Though Angel Santiago, 55, who came to the center eight years ago following a stroke that resulted in a two-year coma, said he's a citizen, born in Puerto Rico, he doesn’t have his birth certificate and isn’t sure where he’ll be able to go.
The formerly homeless Santiago suggested he might go back to the streets.
Susan Dooha, executive director of the Center for Independence of the Disabled, acknowledged that many individuals may have special circumstances.

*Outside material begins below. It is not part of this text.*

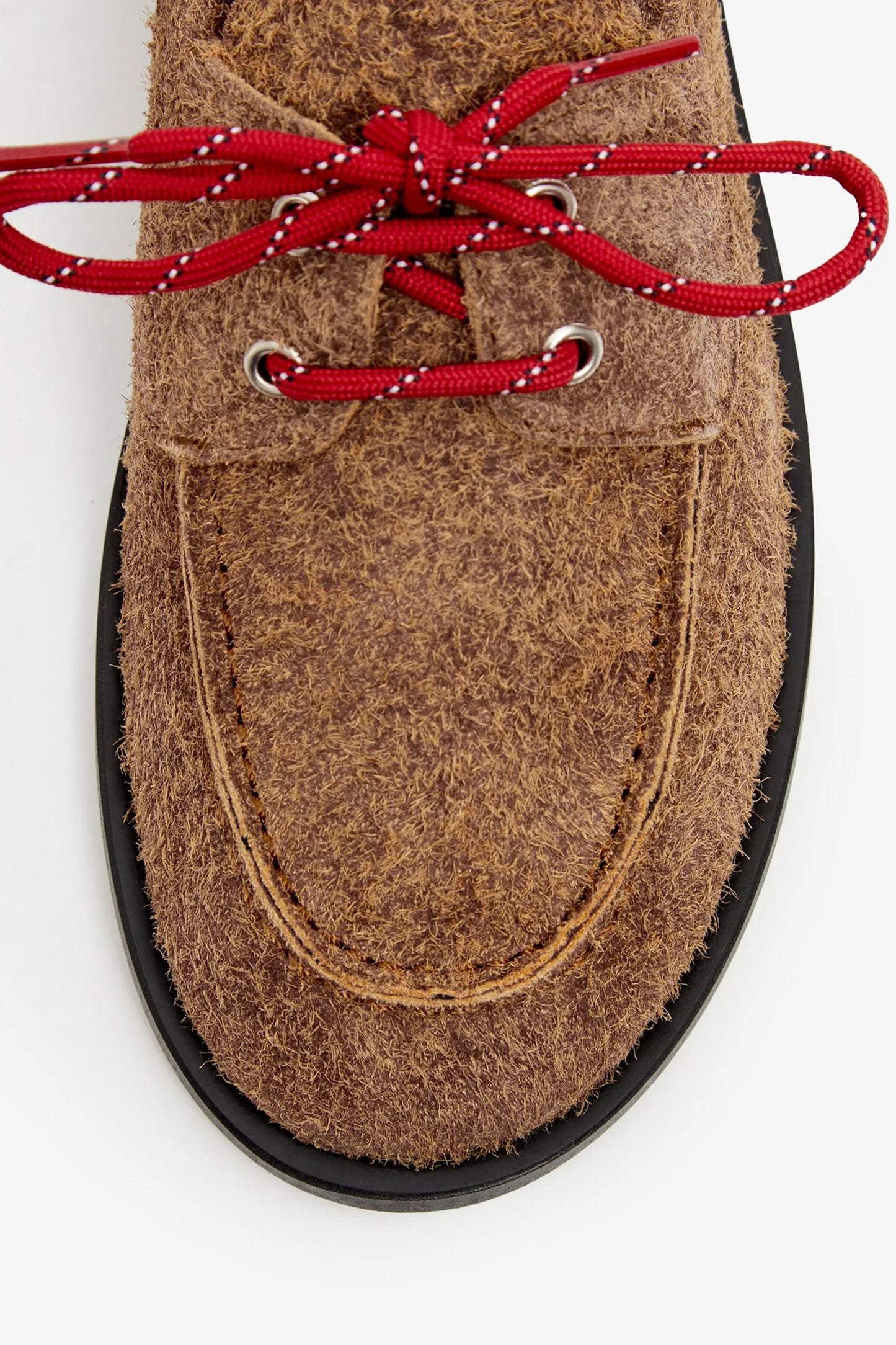 A flat boat shoe handcrafted in Portugal from soft, natural pull leather. Clean lines update a classic silhouette, combining elegance and functionality in a lightweight, versatile design. Laced detailing and artisan stitching on the vamp add character and authenticity, while flexible construction ensures comfort with every step.

Her group will soon be helping Goldwater residents with resources and information, she said.
"Low-income housing is virtually nonexistent," she said. "And people with disabilities, for the most part, don’t qualify for supportive housing," which is often set aside for people with developmental or psychiatric disabilities.
"To their credit," she said, "Coler-Goldwater is trying to be creative in finding housing."
She said the closure was "a hugely exciting opportunity" to "help people to return to the community when they really don’t need nursing home-level care or they do, but can be receiving it in the community."
But some patient advocates are still concerned.
"If the spaces are not available, if they’re not done right — if they’re overcrowded, not adequate or not appropriate— there could be havoc," Judy Wessler, director of the Commission on the Public Health System advocacy group, said.
"A lot of moving pieces, if not worked out well, could be tragic for people."
Some people have been at Goldwater for 20 years.
"The thing about places like Coler and Goldwater is that they are home," Wessler said. "It’s very difficult for people to give up their home."